(Beginning of EXERCISE INPUTS)

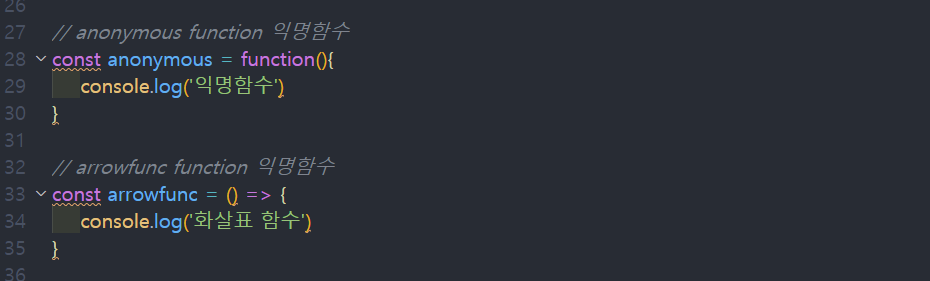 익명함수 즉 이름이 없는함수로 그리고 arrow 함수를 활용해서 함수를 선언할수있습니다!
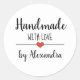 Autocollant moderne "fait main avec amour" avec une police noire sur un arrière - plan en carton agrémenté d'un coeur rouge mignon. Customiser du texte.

(End of EXERCISE INPUTS)
(Beginning of EXERCISE INPUTS)

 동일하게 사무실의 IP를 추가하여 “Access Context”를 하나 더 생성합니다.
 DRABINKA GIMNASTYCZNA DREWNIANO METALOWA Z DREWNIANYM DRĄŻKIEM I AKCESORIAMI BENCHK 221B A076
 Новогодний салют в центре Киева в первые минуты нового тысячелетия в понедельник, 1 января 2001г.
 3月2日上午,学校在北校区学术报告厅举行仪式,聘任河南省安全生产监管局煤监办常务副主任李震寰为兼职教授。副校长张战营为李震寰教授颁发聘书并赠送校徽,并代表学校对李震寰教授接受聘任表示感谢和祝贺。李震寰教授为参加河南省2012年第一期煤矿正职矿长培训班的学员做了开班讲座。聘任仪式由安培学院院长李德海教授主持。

(End of EXERCISE INPUTS)
(Beginning of EXERCISE INPUTS)

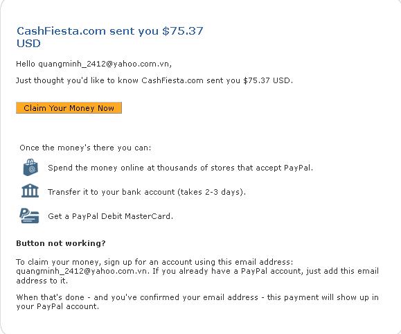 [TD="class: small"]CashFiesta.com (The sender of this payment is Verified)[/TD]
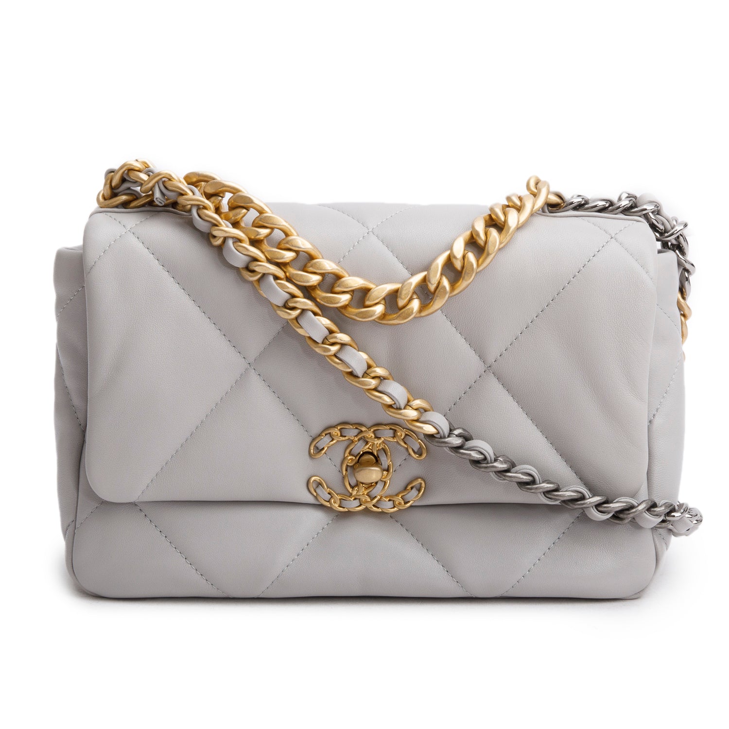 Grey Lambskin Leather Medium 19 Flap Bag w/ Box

(End of EXERCISE INPUTS)

TASK TO COMPLETE
Go back to the lines above and output, exactly as they stand, the ones from the line containing "익명함수 즉 이름이 없는함수로" to the line containing "Customiser du texte.". Leave all pictures behind.

OUTPUT
 익명함수 즉 이름이 없는함수로 그리고 arrow 함수를 활용해서 함수를 선언할수있습니다!
 Autocollant moderne "fait main avec amour" avec une police noire sur un arrière - plan en carton agrémenté d'un coeur rouge mignon. Customiser du texte.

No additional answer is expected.